My grandparents lack health insurance, but can find it on group insurance plans.
The largest US health insurers are Anthem, Aetna, Humana and Cigna. All of these groups have different types of insurance plans.
Many insurance plans work with specific providers within a network, also known as managed care. There are mainly his three types of managed care plans.
Back to top Private Health Insurance for Rehab Costs Private health insurance covers a long list of health conditions in exchange for a monthly premium, which may be high or low, depending on your location and health habits.
Health maintenance organization (HMO) plans
In addition, HMOs are available to doctors and hospitals from one network whose rates for members are reduced. Care for an HMO plan can only be arranged through an approved medical provider.
Point of Service (POS) plans
A member pays more when utilizing providers from their plans network. Patients also need a referral from a doctor who carries out routine procedures with a specialist on the site.
Exclusive provider organization (EPO) plans
Service is only covered if the provider uses the provider’s network (otherwise during emergency situations). The most efficient kind of plan depends on individual circumstances.

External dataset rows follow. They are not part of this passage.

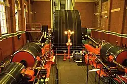 The mill was driven by a 2,500 hp triple-expansion four-cylinder steam engine by J & E Wood of Bolton built in 1907. The two halves of the engine are called Rina and Helen. They drive a 26-foot flywheel with 54 ropes at 68 rpm. The HP cylinders are steamed at 200psi. As a four-cylinder engine, it has two 44"LPs, a 40"IP, and 25"HP with a 5-foot stroke and has Corliss valves on all cylinders, Dobson block motion on HP and IP. The air pump is driven from each crosshead. It has a Lumb governor.[15]
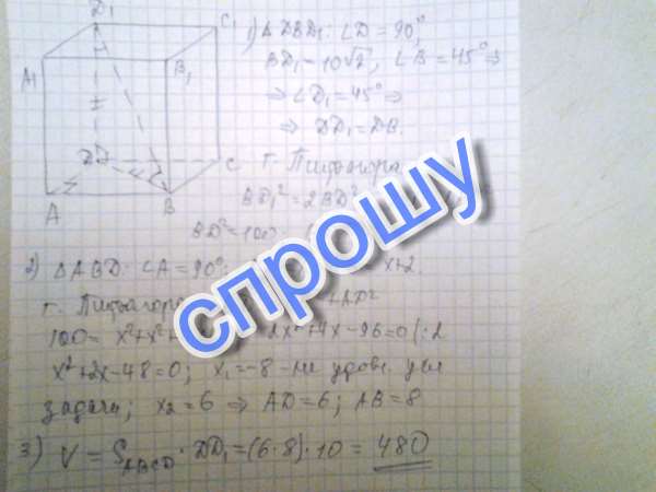 Задача если одна сторона основания прямоугольного параллелепипеда больше другой на 2см, а диагональ равна 10√2см и образует с плоскостью основани углов 45°
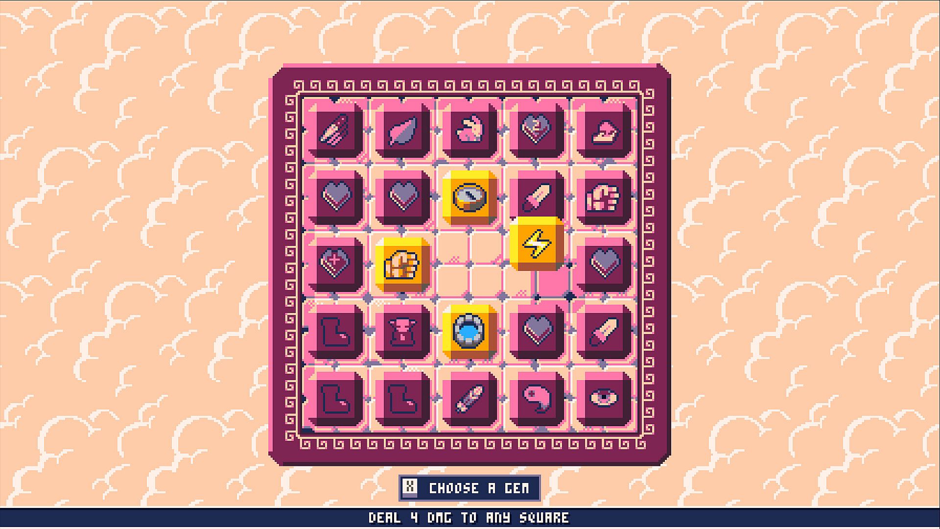 Besides generated levels, the game features a randomized skilltree that makes every run truly unique without over-complexification. After you beat the regular game, you will unlock the ladder where every win will unlock the next handicap to put your strategy skills to the test. You may also unlock gambit mode, where you may stack as many of randomly-proposed handicaps as you want to make up a challenge of your own design.
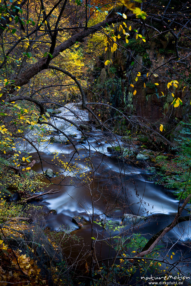 Bachlauf im Herbstwald, Bode, Bodetal, Harz, Deutschland ...
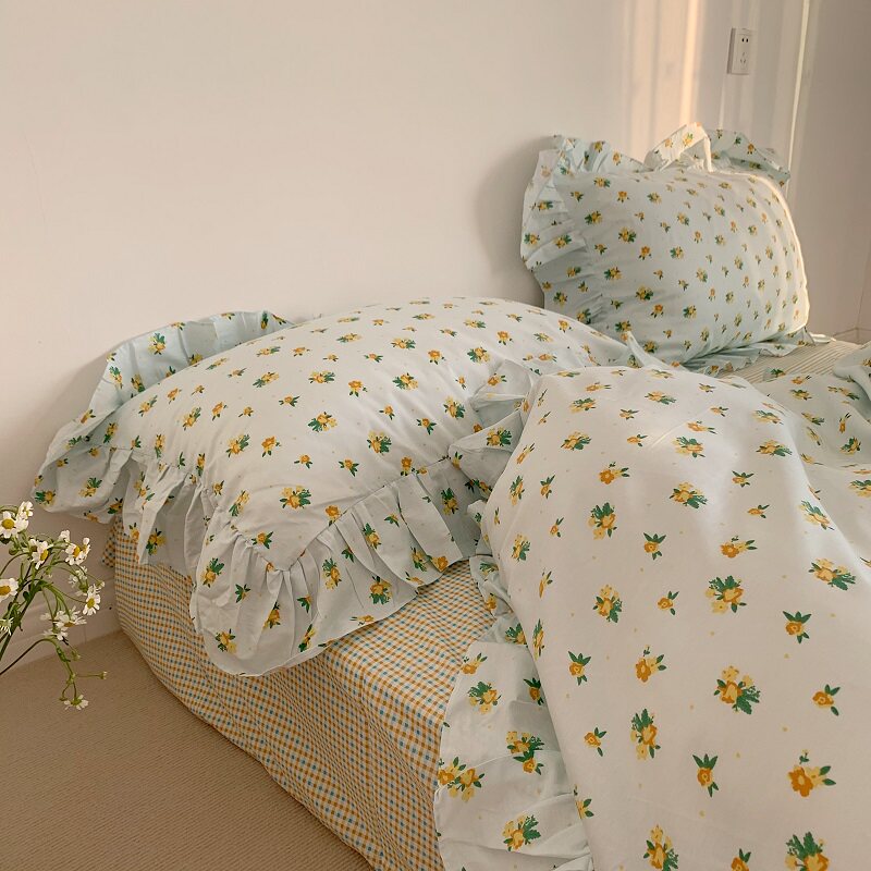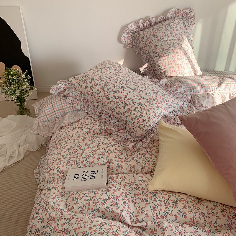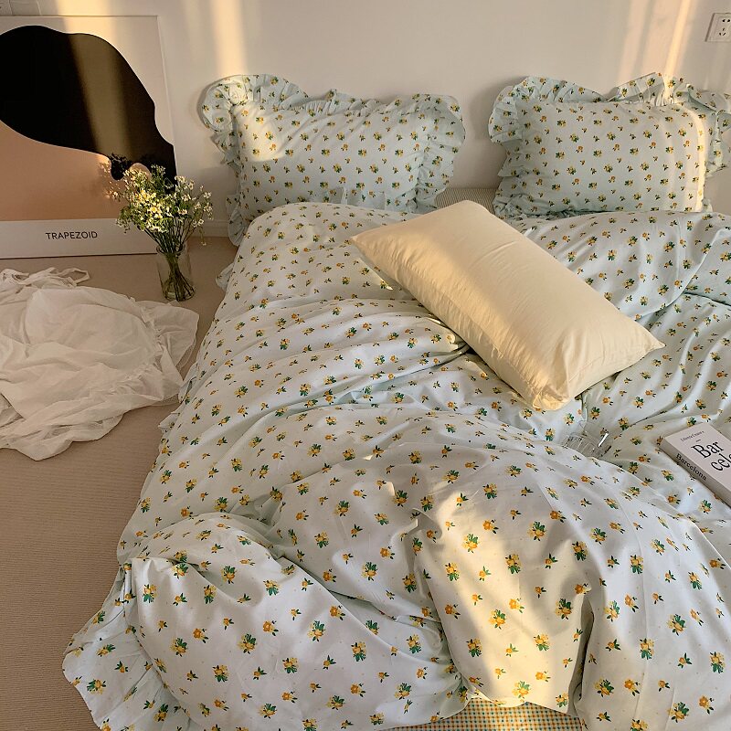 (Luhe) I like your gentle look) Girl heartbroken flower lotus leaf cotton four-piece cotton quilt cover
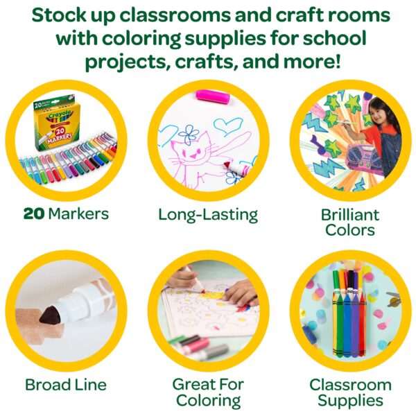 Crayola Broad Line Markers, 20 Ct Classic Colors, School Supplies for Teachers and Kids, Classroom Supplies
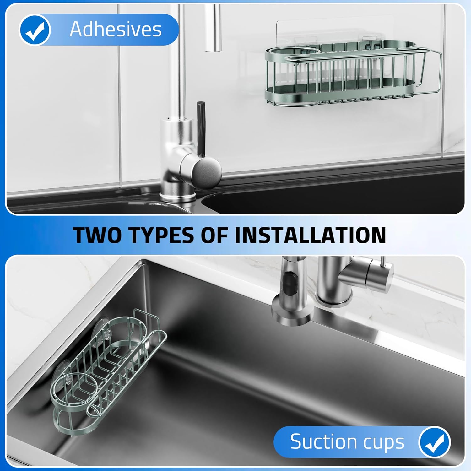 • 【SUCTION CUPS AND ADHESIVE MOUNTING】Cisily sponge holder offers two mounting methods (suction cups or adhesive). It can better meet your various needs for installation location, and can be installed wherever you want. This is a great kitchen accessories!

Preferred provider organization (PPO) plans
This allows more freedom in the way of access to other providers. PPO plans can cover the cost if you are not using network services.
Point Of Service
This means you can choose a PPO or an HMO every time you need care. This is the most adaptable example.
Every insurance plan that is sold will encompass basic coverage for each health care category, but each plan will differ as to how much coverage they pay and their particular premium.
Private insurance plans usually come in four kinds, bronze, silver, gold, and platinum.
Bronze plans have the lowest premiums every month, but they only tend to pay for around 60% of the necessary costs.
Silver plans have higher premiums every month, but these pay around 70% off the treatment costs.
Gold plans have greater monthly premiums than silver, but these cover around 80% of the necessary costs.
Platinum plans will have the greatest monthly premiums and can pay for around 90% of the treatment costs.
Medicaid is an insurance funded by government funds.
This will allow low-income households to access health care. The level of income required to access Medicaid coverage depends on how states define poverty.
The coverage usually includes:
- Outpatient and inpatient hospital services
- Mental health facilities, which also cover substance disorder treatment
- Physician assistance
- Home health assistance
- Medical transportation facilities
Medicaid won’t work for most people as the majority of US citizens won’t qualify for receiving Medicaid in the first place.
Another factor is that a lot of quality treatment providers won’t accept Medicaid funding, which would reduce your number of provider options again.
The Bottom Line: Which Insurance Is Best?
The best insurance for you may not be able to help someone else in the same way.
However, people with chronic conditions such as substance abuse may choose a more advanced plan that covers most of the costs.
Insurance companies cannot deny health coverage if you had a pre-existing medical condition before joining the plan.
Before you sign a contract, think about how much you can afford each month, which insurance policy is best for you, and which provider you prefer.